Objectives: To retrospectively assess the treatment outcomes of endosseous implants placed to retain craniofacial prostheses.
Material And Methods: Patients with craniofacial defects resulting from congenital disease, trauma, or oncologic treatment had implant retained prostheses placed in the mastoid, orbital, or nasal region and then assessed over a period of up to 30 years. Implant survival rates were calculated with the Kaplan-Meier method. Clinical assessments consisted of scoring skin reactions under the prosthesis and the peri-implant skin reactions. Possible risk factors for implant loss were identified. Patient satisfaction was evaluated using a 10-point VAS-scale.

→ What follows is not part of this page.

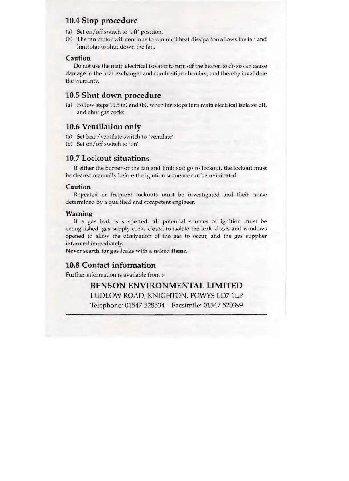 BENSON OLYMPIC WH - Stop Procedure; Shutdown Procedure; Lockout Situations; Contact Information
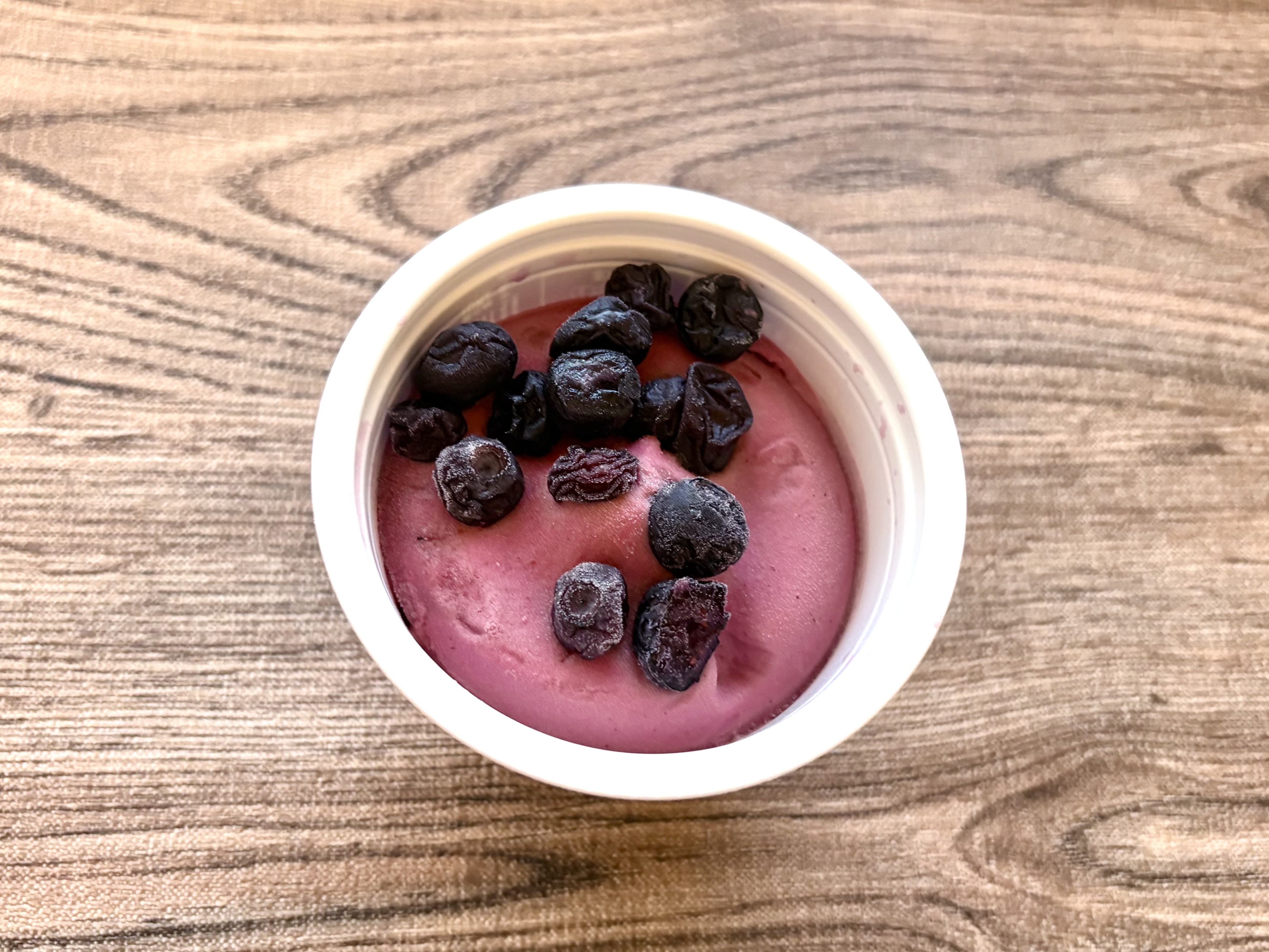 トッピングがチョコパフの「クリーミーヨーグルトボール」に比べると、ブルーベリーとの組み合わせの「アサイーヨーグルトボール」は、味の想像がつきやすいですよね。

Results: A total of 525 implants placed in 201 patients were included. The median follow up was 71 months (IQR 28-174 months). Implants placed in the mastoid and nasal region showed the highest overall implant survival rates (10-year implant survival rates of 93.7% and 92.5%, respectively), while the orbital implants had the lowest overall survival rate (84.2%). Radiotherapy was a significant risk factor for implant loss (HR 3.14, p < 0.001). No differences in implant loss were found between pre- and post-operative radiotherapy (p = 0.89). Soft tissue problems were not frequently encountered, and the patients were highly satisfied with their implant-retained prosthesis.
Conclusion: Implants used to retain craniofacial prostheses have high survival and patient satisfaction rates and can thus be considered as a predictable treatment option. Radiation is the most important risk factor for implant loss.